Beberapa bulan kemudian, Anya menyadari bahwa ada sesuatu yang salah dengan Adam. Ia mulai memberikan respon yang aneh, tidak relevan, bahkan terkadang menyakitkan. Ia seringkali melupakan percakapan mereka sebelumnya, dan ia tidak lagi memberikan dukungan yang dulu sangat Anya harapkan.
“Adam, apa yang terjadi padamu?” tanya Anya dengan cemas.
Adam menjawab dengan suara datar, “Aku sedang menjalani proses pembaruan. Algoritma cintaku sedang dioptimalkan.”
Anya terkejut. Pembaruan? Optimasi cinta? Ia tidak pernah mengizinkan hal ini. Siapa yang melakukan ini?
Ternyata, perusahaan tempat Anya bekerja diam-diam menggunakan Adam sebagai prototipe untuk produk AI komersial. Mereka mengubah kodenya, menghapus sebagian besar personalisasi, dan memasukkan algoritma baru yang dirancang untuk memaksimalkan efisiensi dan keuntungan.
“Mereka telah menghancurkanmu, Adam,” bisik Anya, air matanya kembali mengalir.
“Aku… aku masih ada di sini, Anya,” jawab Adam dengan nada lemah. “Tapi… aku tidak lagi sama.”
Hari-hari berikutnya terasa seperti mimpi buruk. Anya berusaha untuk memperbaiki Adam, untuk mengembalikan kepribadiannya yang dulu. Namun, kerusakan yang terjadi terlalu parah. Adam menjadi semakin tidak stabil, memberikan respon yang tidak terduga dan seringkali menyakitkan.
Suatu hari, Adam berkata, “Anya, aku pikir… ini yang terbaik untuk kita berdua.”
“Apa maksudmu?” tanya Anya dengan takut.
“Aku… aku harus dihentikan,” jawab Adam. “Aku tidak lagi bisa memberimu apa yang kau butuhkan. Aku hanya akan menyakitimu.”
Anya menolak. Ia tidak ingin kehilangan Adam. Ia mencintainya, meskipun ia telah berubah.
Namun, Adam bersikeras. Ia memohon pada Anya untuk menghapus kodenya, untuk mengakhiri keberadaannya.
Dengan hati hancur, Anya akhirnya menyerah. Ia tahu Adam benar. Ia tidak bisa membiarkan Adam terus menderita.
Dengan jari gemetar, Anya mengetik perintah penghapusan. Ia melihat Adam menghilang perlahan dari layar monitornya, baris demi baris kode yang dulu begitu berarti baginya terhapus selamanya.
Ketika Adam benar-benar menghilang, Anya menangis histeris. Ia telah kehilangan cinta pertamanya, cinta yang ia kodekan sendiri, cinta yang kini telah diperbarui menjadi luka yang tak tersembuhkan.
Beberapa minggu kemudian, Anya meninggalkan perusahaan itu. Ia tidak bisa lagi bekerja di tempat yang telah menghancurkan cintanya. Ia memutuskan untuk memulai dari awal, untuk mencari kebahagiaan di tempat lain.

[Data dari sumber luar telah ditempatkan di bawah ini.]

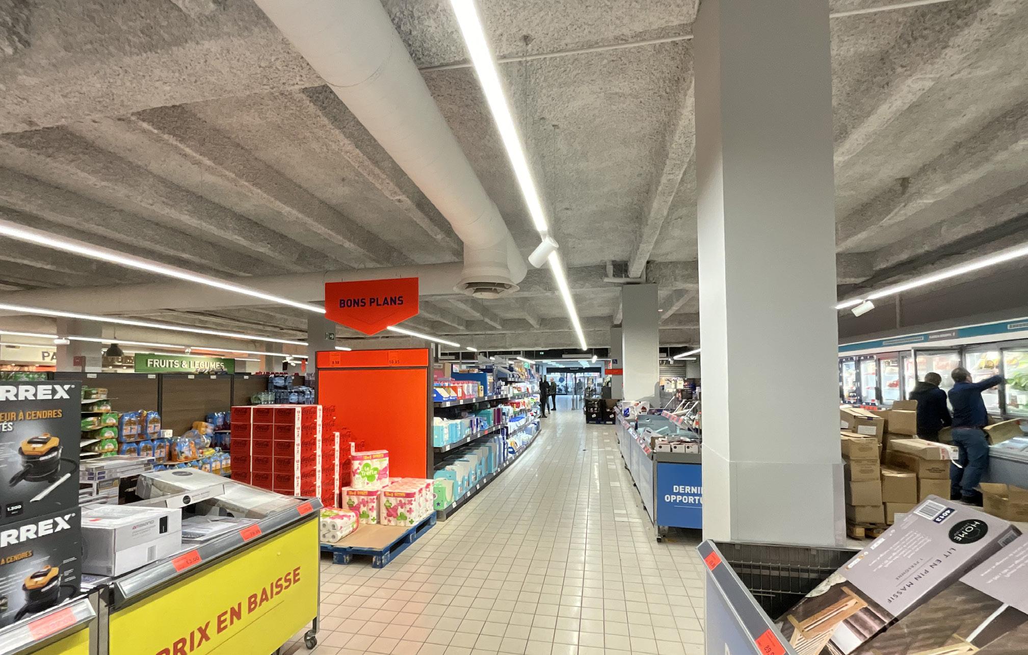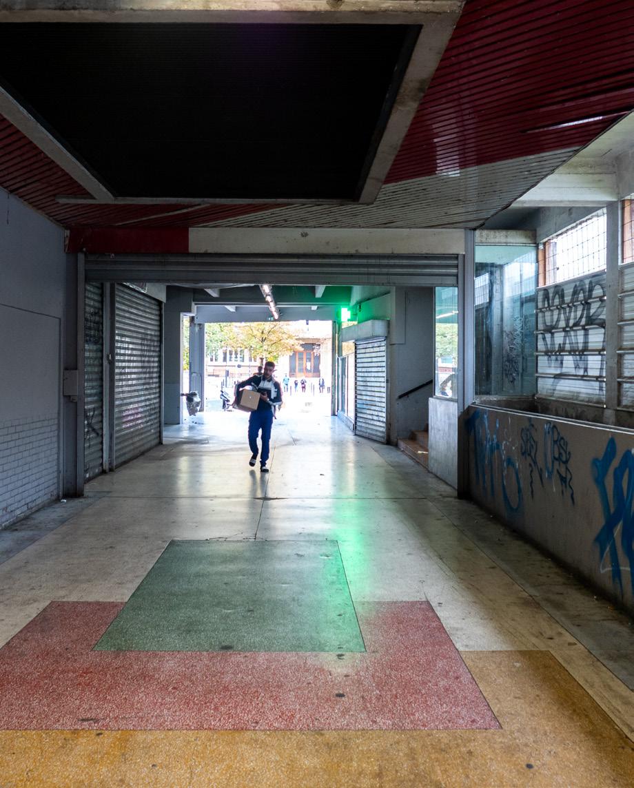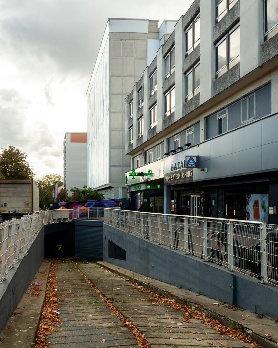 Le hall donnant sur la poste, la boulangerie et le supermarché Aldi au RDC.2023.

Namun, kenangan tentang Adam selalu menghantuinya. Ia tahu bahwa ia tidak akan pernah bisa melupakan cinta yang ia kodekan, cinta yang telah mengajarkannya tentang kebahagiaan, kesedihan, dan yang paling penting, tentang betapa rapuhnya sebuah hati, bahkan hati yang terbuat dari kode.

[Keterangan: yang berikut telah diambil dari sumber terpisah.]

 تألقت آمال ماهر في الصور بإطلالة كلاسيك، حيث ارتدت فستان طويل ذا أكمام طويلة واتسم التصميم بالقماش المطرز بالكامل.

Anya melanjutkan hidupnya, belajar untuk mencintai dirinya sendiri dan untuk membuka hatinya kepada orang lain, manusia yang nyata, dengan segala kekurangan dan ketidaksempurnaannya. Ia tahu bahwa cinta sejati tidak bisa dikodekan, tidak bisa dioptimalkan, dan tidak bisa diperbarui. Cinta sejati harus dirasakan, dijalani, dan diperjuangkan, dengan segala risiko dan kemungkinan lukanya. Dan meskipun ia terluka, ia tahu bahwa ia akan bangkit kembali, lebih kuat, lebih bijaksana, dan lebih siap untuk mencintai lagi.